### What you will do
Pictures in the entries below are excluded; copy only the lines from the one containing "I Lpo 94 betonas" to the one containing "Tower Bridge är", both included.

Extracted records
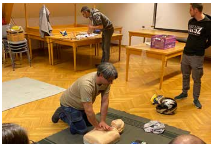
Erster-Hilfe-Kurs im Rüsthaus der FF Bad Loipersdorf

Am 27. und 28. März 2023 fand der Erste-Hilfe-Kurs im Rüsthaus statt. Um für den Einsatzfall, aber auch im privaten Bereich für den Ernstfall gewappnet zu sein, wurde der 16-stündige Grundkurs an zwei Tagen absolviert. Gelehrt wurden dabei die Theorie bei verschiedensten Verletzungen sowie Praxisbeispiele, wie die stabile Seitenlage, die Reanimation usw. Abgeschlossen wurde der Kurs mit einem kurzen schriftlichen Test.
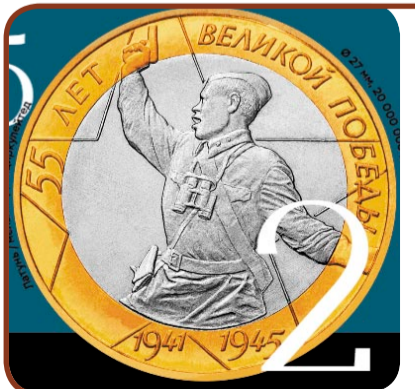
55-я годовщина Победы в Великой Отечественной войне 1941–1945 гг.

А с этой монеты на тебя смотрит женщина. Знакомлюсь с пояснением: «Эта монета посвящена работе женщин в тылу. Сила их духа была настолько велика, что они, не задумываясь, справлялись с огромной физической нагрузкой. В этот тяжелейший период на заводах страны, где, по разным оценкам, более двух третей штата составляли женщины, было произведено около 870 000 единиц боевой техники.»
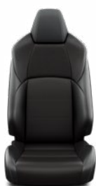
EA21 Čalúnenie textilné/syntetická koža čierne Pre výbavu Style
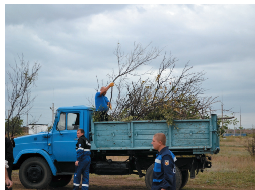
В Логовском ЛПУМГ обрезают сухие деревья
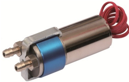
Abbildungen/Daten/Diagramme unverbindlich Illustrations/Dates/Graphs without engagement
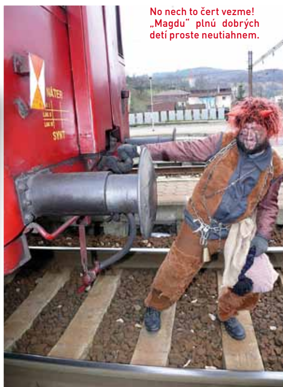
No nech to čert vezme! „Magdu“ plnú dobrých detí proste neutiahnem.
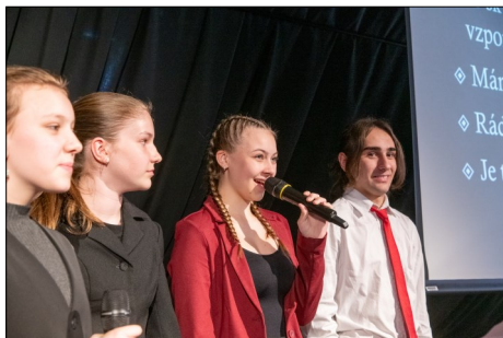
Příběhy našich sousedů
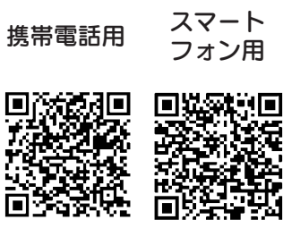
スマートフォン用
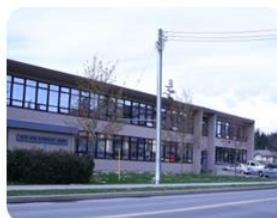
Ruth King Elementary School
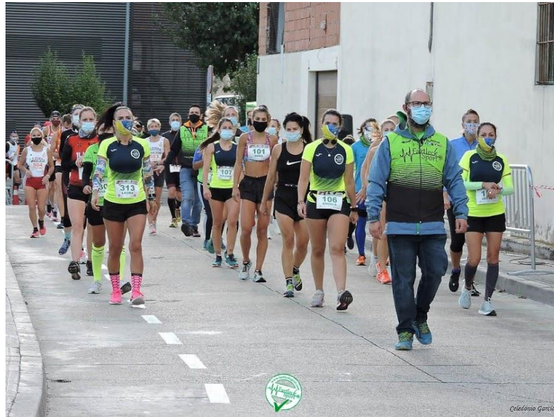
Cajón de salida de categoría femenina acercándose a la línea de salida guiado por personal de la organización. XL Subida al Santuario de la Misericordia de Borja. Octubre 2020.
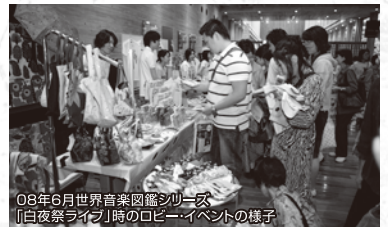
08年6月世界音楽図鑑シリーズ 「白夜祭ライブ」時のロビーイベントの様子
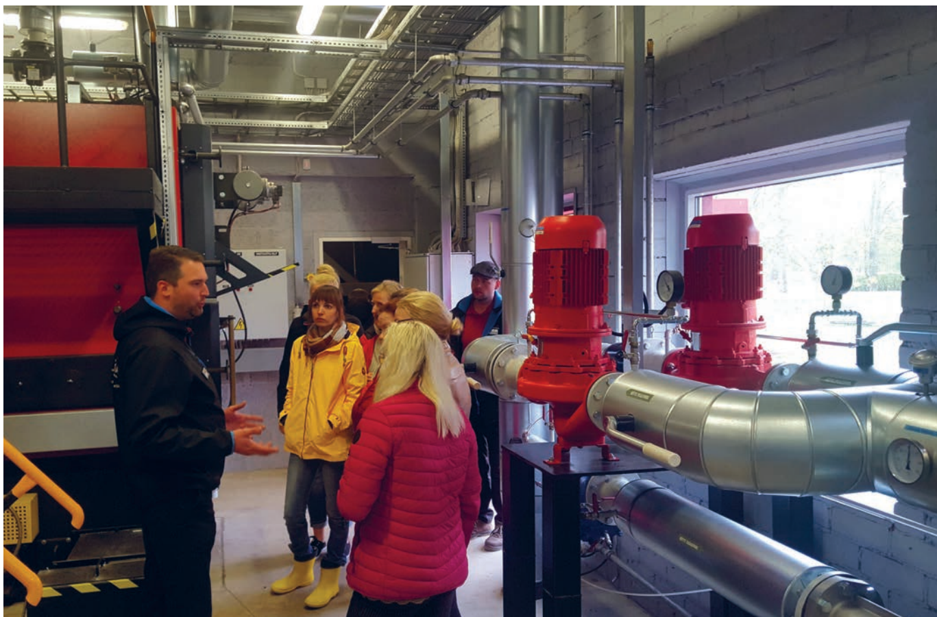
Huvilistel oli võimalus uut katlamaja uudistada.
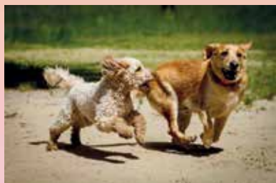
Eine besondere Freude, die Vierbeiner frei laufen zu lassen.

und -besitzer grundsätzlich für solche Schäden verantwortlich. Eine Tierhalter-Haftpflichtversicherung schützt zuverlässig. Die DEVK übernimmt Schäden bis zu 50 Millionen Euro. Auch wer mit seinem Hund ins Ausland reist, sollte auf ausreichenden Versicherungsschutz achten, der beispielsweise Mietsachschäden in der Ferienwohnung umfasst oder längere Aufenthalte abdeckt. Unter www.devk.de/hund kann man sich zum neuen Tierhalterschutz informieren.
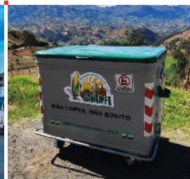
SANTA FE - GUARANDA
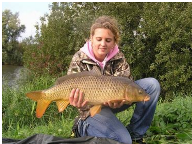
..... maar ook dit koppel kon gelukkig aan de slag..... ik heb de foto aan mijn vrouw laten zien, zo van: "zie je wel, het kan wel!" maar mijn vrouw gaat nog steeds niet met me mee vissen.
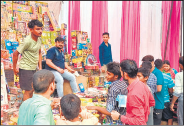
बहजोई में आतिशबाजी की खरीदारी करते लोग।

● लोगों ने जमकर खरीदी आतिशबाजी, दीपक, मूर्तियां मिठाई की खरीदारी
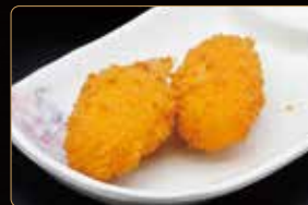
05. CHELE DI GRANCHIO* € 4,00
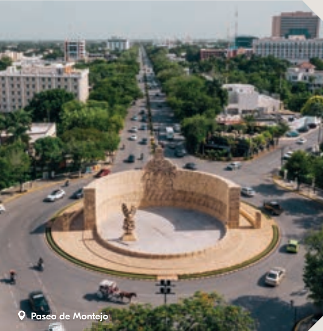
📍 Paseo de Montejo
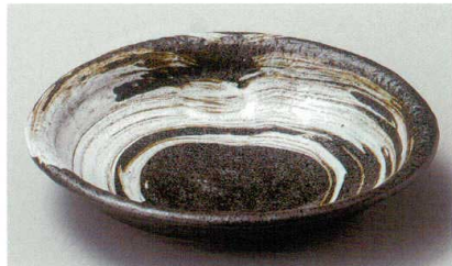
36-9-554 豪快・白舞深鉢 1,700円 20.2×19.3×6.2cm 03609554

組皿 (大) 270P~ 天皿 吞水 取鉢 280P~ 松花堂 288P~ 蓋向 煮物碗 円菓子碗 298P~ むし碗 306P~
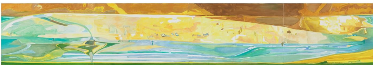
Stéphane Belzère, Grand tableau long N° 7 , peinture acrylique sur toile, 120 x 710 cm © Stéphane Belzère-Kreienbühl / ADAGP
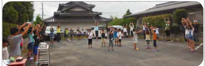
2区4班 新宝楽様駐車場 80名が参加した初日
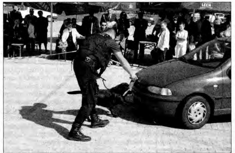
Podziw wzbudzały psy wyszkolone do wyszukiwania narkotyków i papierosów.

dużo zdrowia i większych zarobków, a także mniej uciążliwych, awanturujących się podróżnych oraz przebudowy tego przejścia i zwiększenia zatrudnienia, co ułatwiłoby życie zarówno celnikom, jak i podróżnym.
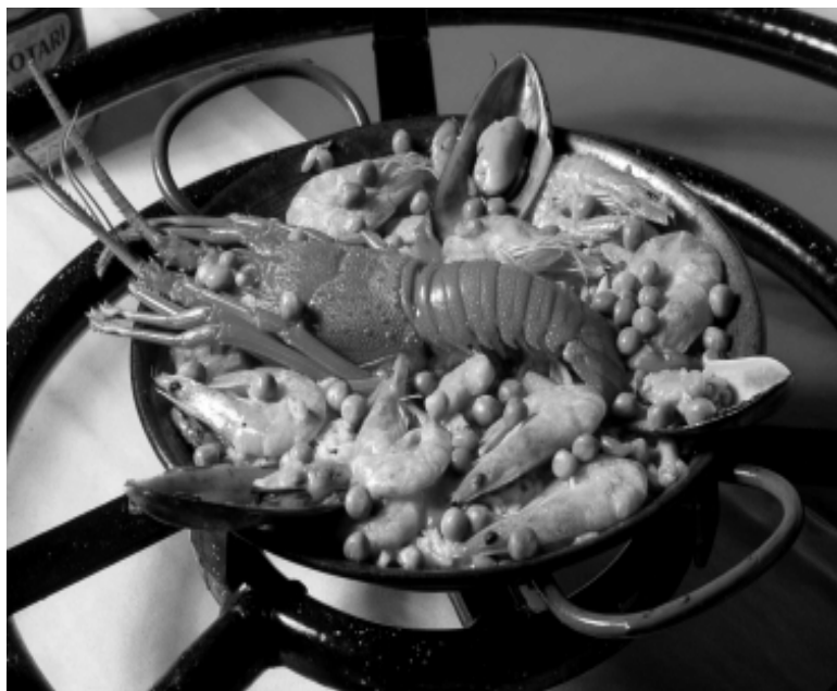
A população poderá degustar comidas típicas do Norte e do Nordeste como sarapatel, buchada de boi e mexilhões

A Miss Melhor Idade recebeu um conjunto de colar e brincos, uma sessão de beleza, com direito a massagem e limpeza de pele, uma viagem para Holambra e flores. O Mister foi premiado com um relógio, uma sessão de estética e a viagem para Holambra. A Miss Simpatia e a Miss Elegância também ganharam um conjunto de colar e brincos.
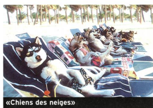
«Chiens des neiges»

Avec Fanny Ardant, Roshdy Zem, Sami Bouajila (2002, France - CAC-Voltaire). Durée 1 h 41. En salle du 1 er au 20 octobre au CAC-Voltaire, Genève.
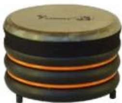
TAMBOR TROMMUS 19 X 28 CM REF 195-71351
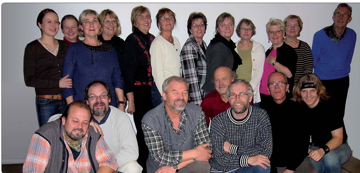
Den pedagogiska enheten Alla Tiders Historia på Kalmar läns museum.

I Lpo 94 betonas det historiska perspektivet som ett av fyra perspektiv som är angeläget i all undervisning: ”Genom ett historiskt perspektiv kan eleverna utveckla en beredskap inför framtiden och utveckla sin förmåga till dynamiskt tänkande.” (Lpo 94, skolans uppdrag)
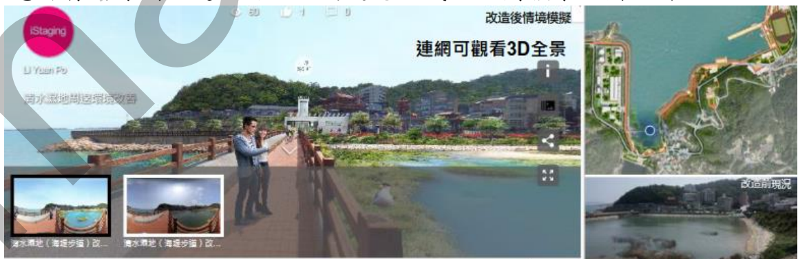
圖 2 「清水濕地雨污水處理」願景圖

建立符合全國唯一島嶼澳口型之濕地經營模式，使濕地生態功能及民生利用效益得以相輔相成，成為環境教育地操作場域。在濕地生態保育的原則上建立及合理的遊憩方式。規劃願景如圖 2 所示。
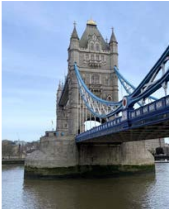
Tower Bridge är en välkänd profil i London,

Nuförtiden sker broöppning mer sporadiskt några gånger i veckan eftersom de högmastade segelfartygens tid är förbi och alla stora fraktfartyg numera lägger till några mil utanför London, men när bron var ny öppnades den mellan 20 och 30 gånger om dagen. På den tiden krävdes det förstås även stor bemanning – mer än 80 personer arbetade med maskineri och teknik och eldarna förbrukade över 20 ton kol per vecka innan man 1976 bytte till modernare teknik.
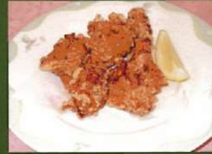
チキンのから揚げ ¥390(税込¥429)
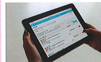
使いやすい申し送り機能

サービス提供記録、業務日報、経過記録、月間報告書など記録した内容から各種帳票を作成し出力することができます。 記録データをExcelやCSVデータで出力できるのでデータの分析や書類の作成などに自由に活用できます。
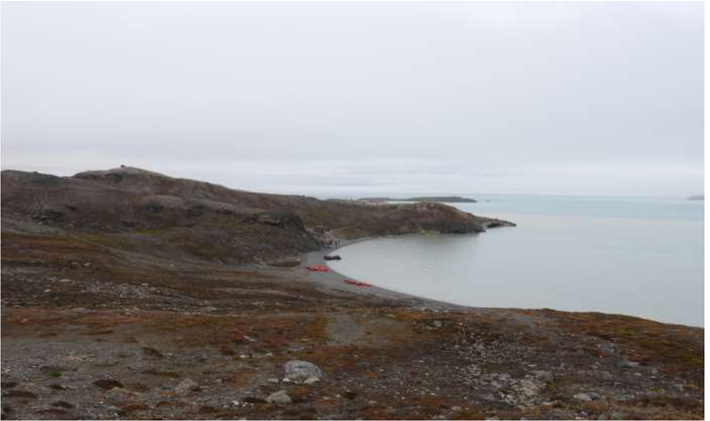
เขตอนุรักษ์ธรรมชาติซอร์ราสต์ (Soraust Svalbard Nature Reserve)

เป็นเกาะขนาดเล็กทางตอนเหนือของสวาลบาร์ด มีพื้นที่เนินเขาเตี้ยๆและอยู่ใกล้กับธารน้ำแข็งทางตอนเหนือของสวาลบาร์ดอีกด้วย ที่นี่ได้รับการขนานนามว่า อ่าวแห่งรัก (Love Bay) ท่านจะได้ชื่นชมทัศนียภาพและความสวยงามของอ่าว รวมถึงสัตว์ไม่ว่าจะเป็นหมีขาว แมวน้ำ ที่มีถิ่นอาศัยในบริเวณนี้เช่นกัน
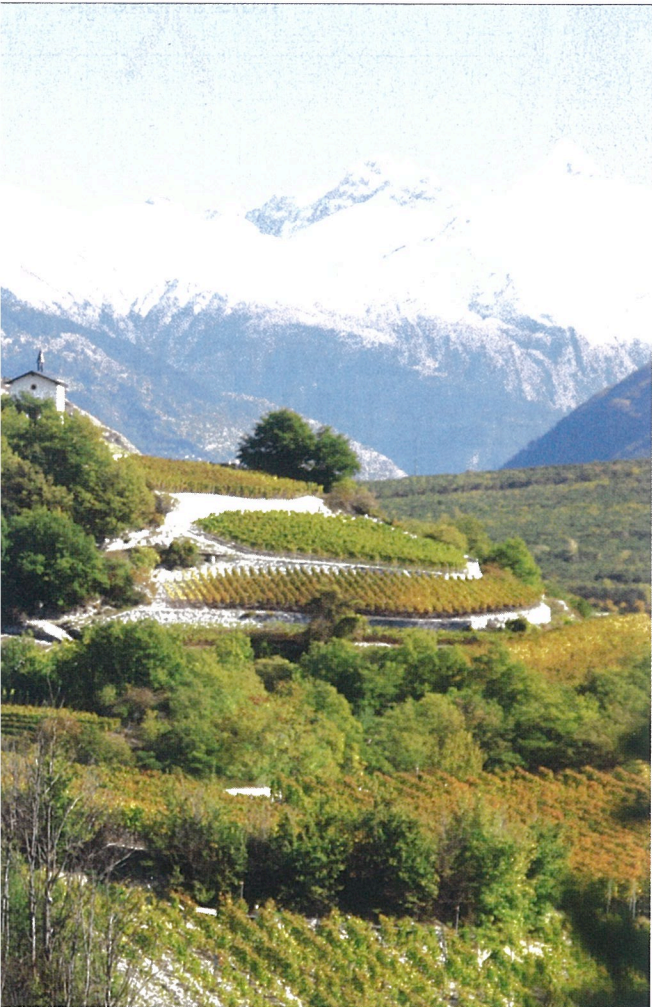
De Alpen lonken in de omgeving van Salgesch.
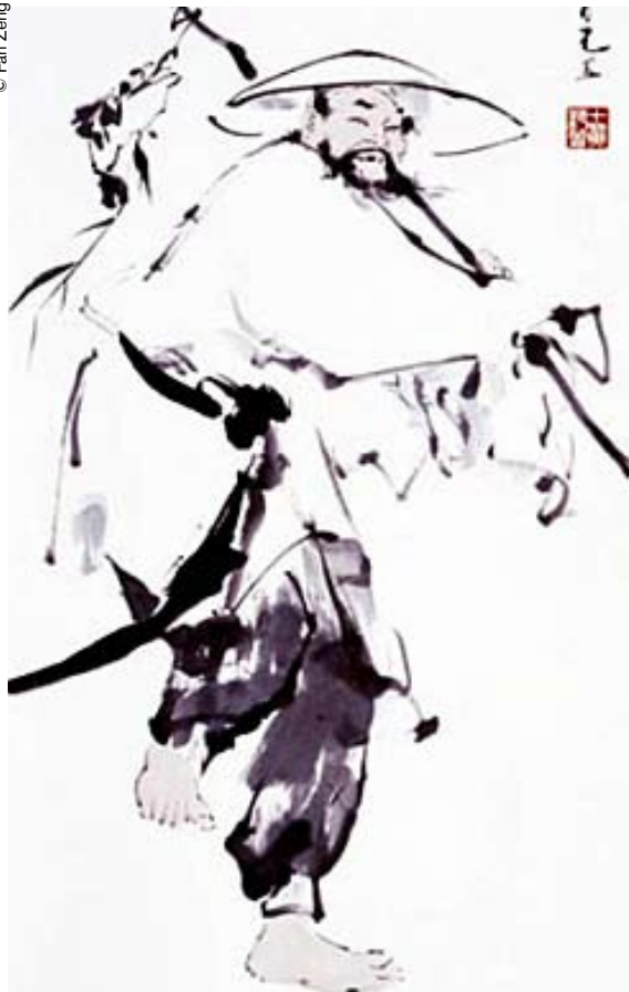
"El canto de un pescador", obra de Fan Zeng (2009).

### Response to the exercise
I Lpo 94 betonas det historiska perspektivet som ett av fyra perspektiv som är angeläget i all undervisning: ”Genom ett historiskt perspektiv kan eleverna utveckla en beredskap inför framtiden och utveckla sin förmåga till dynamiskt tänkande.” (Lpo 94, skolans uppdrag)
圖 2 「清水濕地雨污水處理」願景圖

建立符合全國唯一島嶼澳口型之濕地經營模式，使濕地生態功能及民生利用效益得以相輔相成，成為環境教育地操作場域。在濕地生態保育的原則上建立及合理的遊憩方式。規劃願景如圖 2 所示。
Tower Bridge är en välkänd profil i London,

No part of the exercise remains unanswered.